The first patient has been dosed in a phase 2 pilot study looking at a treatment for muscular dystrophy.
Santhera Pharmaceuticals and ReveraGen BioPharma made the announcement that vamorolone is to be assessed in patients with Becker muscular dystrophy (BMD). The study is being funded by the U.S. Food and Drug Administration (FDA).
Eric Hoffman, CEO of ReveraGen BioPharma, said: “There are currently no approved drugs for BMD in any country, and no drugs in clinical development for this indication in the USA or Europe.
“Vamorolone has shown efficacy in the pivotal VISION-DMD study in Duchenne muscular dystrophy (DMD), a more severe but related disease, and, based on these findings and its mechanisms of action, this developmental compound may show a benefit in BMD.”
This study is a randomized, double-blind, placebo-controlled study to evaluate the safety, tolerability and exploratory clinical efficacy on motor function outcomes of vamorolone compared to placebo over a treatment period of 24 weeks in 39 males (over 18 and under 65 years) with BMD.
Participants will be randomized 2:1 to vamorolone 500 mg (250 mg for body weight of under 50 kg) daily or placebo. The clinical trial plans to enroll at sites in Pittsburgh in the U.S., and Padova in Italy.

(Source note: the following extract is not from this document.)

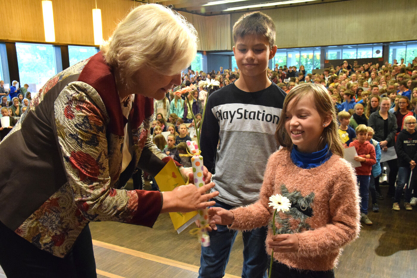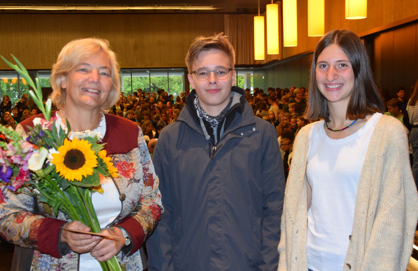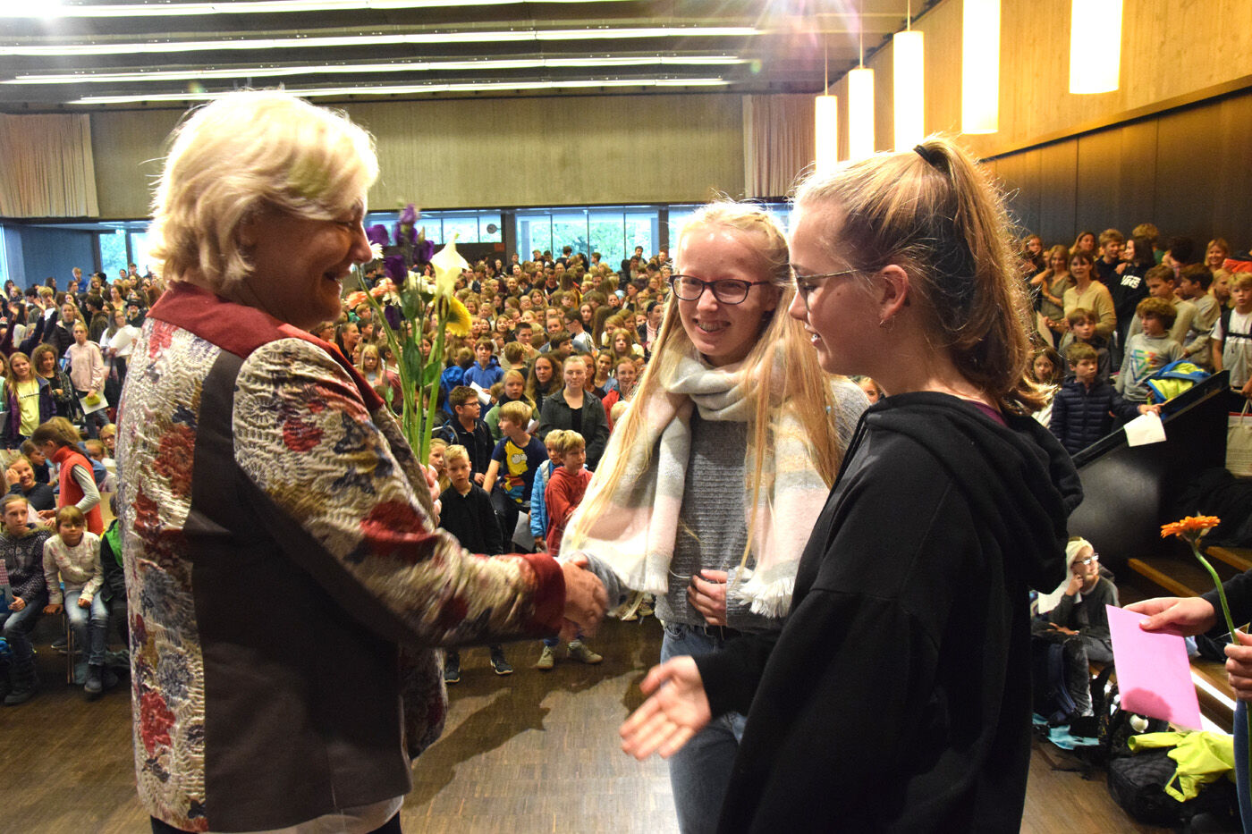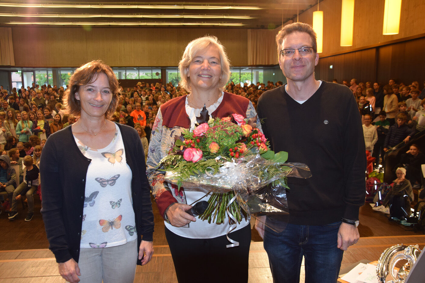 Schulleiterin Andrea Bliese hatte ihren 60. Geburtstag und die Schulfamilie wollte ihr natürlich ausgiebig gratulieren. Wie es sich für ein Musisches Gymnasium gehört, stimmten die 800 Schülerinnen und Schüler und die hundert Lehrkräfte mit den Sekretärinnen ein Geburtstagsständchen an. Die Fachschaft Musik hatte einen Trinkkanon von Wolfgang Amadeus Mozart umgetextet, in dem es u.a. heißt: „Es leb‘ die Chefin … Wer könnt auf Erden wicht’ger sein? Vivat, vivat, vivat, sie lebe Hoch.“ Das Geburtstagskind, Schulleiterin Andrea Bliese, war sichtlich überrascht und gerührt: „So ein Geburtstagsständchen, das von so vielen gesungen wird, ist schon sehr beeindruckend.“ Damit nicht genug: Jede Klasse und die SMV schickte eine Abordnung zur „Chefin“ und überreichte neben Blumen auch ein eigens gestaltetes Bild zum runden Geburtstag. Und von ihrem Kollegium erhielt die Schulleiterin natürlich auch ein Geschenk. sp

The study is funded by a $1.20 million grant from the FDA under its Clinical Studies of Orphan Products Addressing Unmet Needs of Rare Diseases (R01) grants program. The grant adds to existing grants from the National Institutes of Health (NIH) – National Institute of Arthritis and Musculoskeletal and Skin Diseases (NIAMS), and the Foundation to Eradicate Duchenne to carry out a clinical trial of vamorolone in adults with BMD.
Shabir Hasham, chief medical officer at Santhera, said: “The treatment of BMD is lacking standard of care recommendations albeit there is a high unmet medical need, and about one fifth of BMD patients use some chronic steroid dosing which is often not well tolerated.
“Vamorolone could address some important safety concerns that may lead to poor tolerability or early treatment discontinuation, and thus may potentially represent a novel therapeutic approach to the treatment of BMD as a chronic therapy.”
BMD, the second most common progressive muscle wasting disease, is similar to DMD, but usually milder. It is caused by the same dystrophin gene (allelic) mutations as DMD but shows residual dystrophin protein in muscle, and variable onset and progression of muscle weakness.
Paula Clemens, the study chair of the clinical trial, said: “Vamorolone has been shown to suppress dystrophin-targeted microRNAs, and thus has the potential to increase dystrophin levels in BMD muscle.”
Vamorolone is a drug candidate with a mode of action that binds to the same receptor as corticosteroids but modifies its downstream activity and as such is considered a dissociative anti-inflammatory drug.